- Ну тогда… вот, держи, – длинным глотком ополовинив второй своевременно подставленный под пальцы стакан, рокер прищурился, а затем лениво медленно обвел левой кистью очертания лежащего на стойке DeLuze Orphean, а после дотронулся коротко до грифа, и, не задерживая прикосновения, двинул гитару по стойке к Евродину. – Сувенир тебе от меня.
- Шутишь? – вопрос из себя Кер смог выдохнуть не сразу, сначала широко распахнув яркие голубые глаза и недоуменно переводя взор с Сильверхенда на инструмент и обратно. Крайняя степень удивления рисовалась на его лице прямо-таки гигантскими неоновыми буквами. На миг Евродин уже протянул руку к гитаре, но после отдернул ее с недоверием, взглянув на рокербоя вопросительно. И в этих эмоциях наемник Керри понимал – тот и сам прекрасно знал, какую ценность для Джонни представлял этот предмет. Собираясь уходить, рокер оставлял лучшему другу физическое выражение своего творческого начала.
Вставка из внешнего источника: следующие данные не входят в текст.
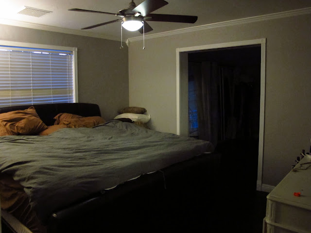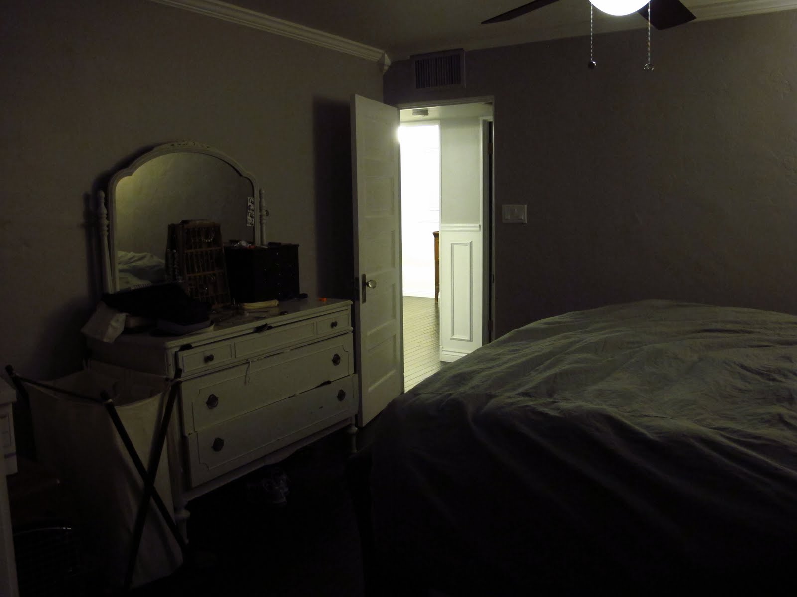 Yep, there she is in all her beauty sickness. Yes, I could have taken shots during the day, or maybe even with a flash, but that wouldn’t show the truth. The truth about this room is that the lighting is beyond terrible. To the point where if I want to read a book in there at night, I literally would have to use a flash light. No freaking joke friends. Yes, we have been living this way for almost two years, and I have no idea how.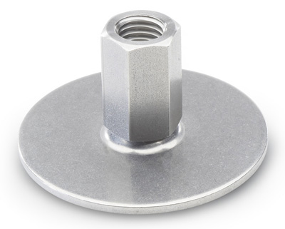Leveling feet have a tapped socket of stainless steel, European standard No. 1.4301 (American Standard Series 304), shot-blast finish. The assembly screw is of stainless steel A2, loctited in place. The optional plastic base cap is made of a black thermoplastic elastomer (TPE) with 80 Shore A hardness. The optional vulcanized non-skid pad is black Nitrile Butadiene rubber, with 70 (+/-) 5 Shore A hardness.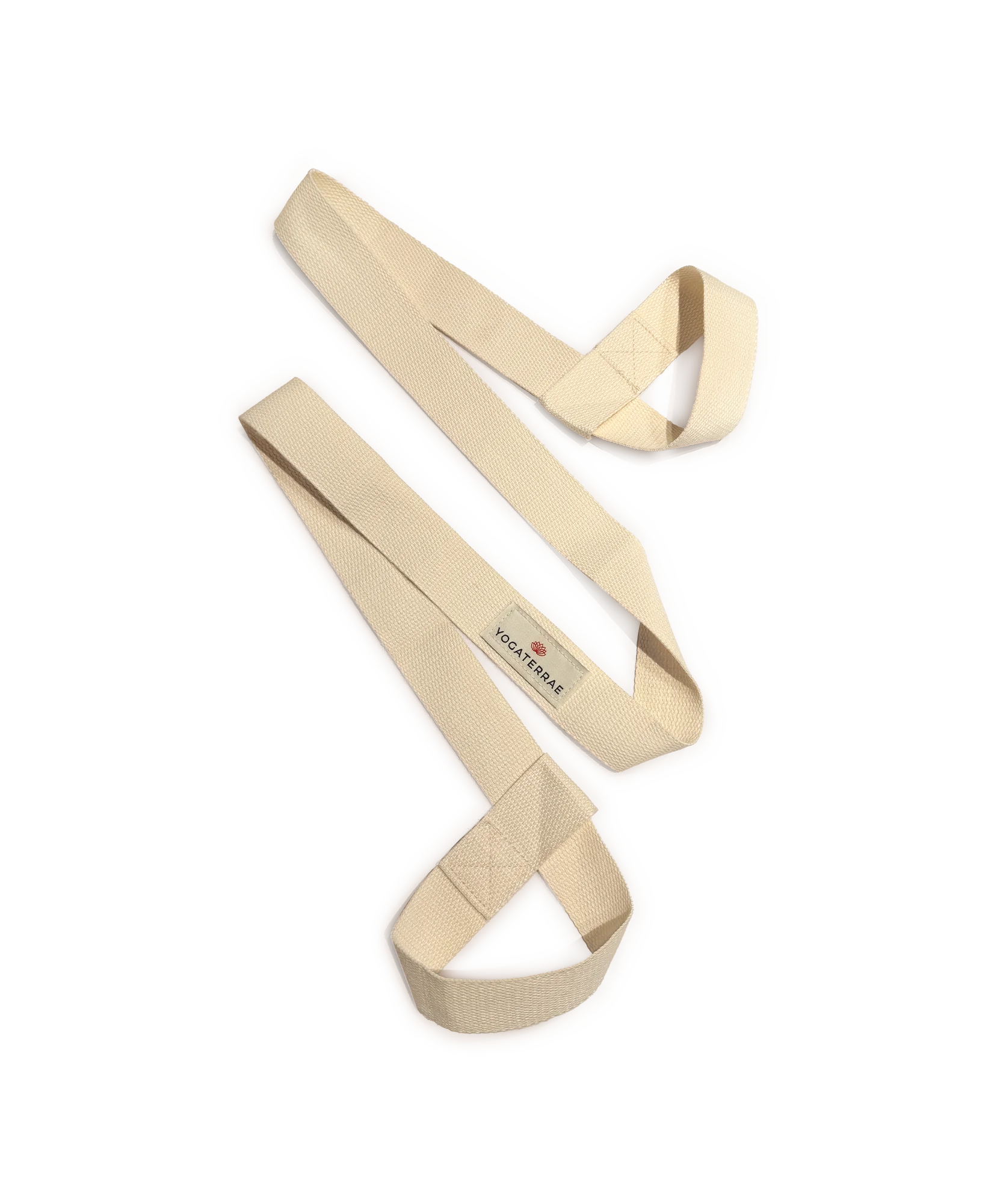 Sangle de yoga beige légère et épurée, idéale pour étirements doux et transport simple de votre tapis de yoga au quotidien.

- Ну без тебя играть я не буду, – делано небрежно пожал плечами Сильверхенд. И одного этого жеста хватило для Евродина в качестве подтверждения искренности намерений рокербоя. Кер потянулся, ухватил гитару со стойки и устроил ее на коленях, обхватывая пальцами гриф и касаясь струн почти с нежностью. – Это будет уже не то.
- Понимаю тебя, – во взгляде голубых глаз, направленном на Джонни, читались парадоксальным образом смешивающиеся сожаление, тень боли… принятие и покой. И, кажется, руки у Евродина так и чесались извлечь звук из инструмента. – А я все-таки еще немного поиграю.
Пальцы Керри задумчиво гуляли по грифу, беря ловко аккорды и, казалось, он полностью погрузился в процесс, когда рокер, все еще пристально смотря на обесцвеченную макушку головы Евродина, склонившегося над гитарой, извлек из кармана капсулу блокаторов. Усмехнувшись удовлетворенно, но как будто с примесью светлой грусти, Сильверхенд решительно рывком забросил таблетку в сжавшееся на миг горло и сглотнул с усилием.
- Хочешь новую послушать?.. Джонни? – но с вопросами Кер уже запоздал. Рокербой покинул здание. И, судя по горечи следующего вопроса, Евродин это понимал. – Его уже нет, правильно?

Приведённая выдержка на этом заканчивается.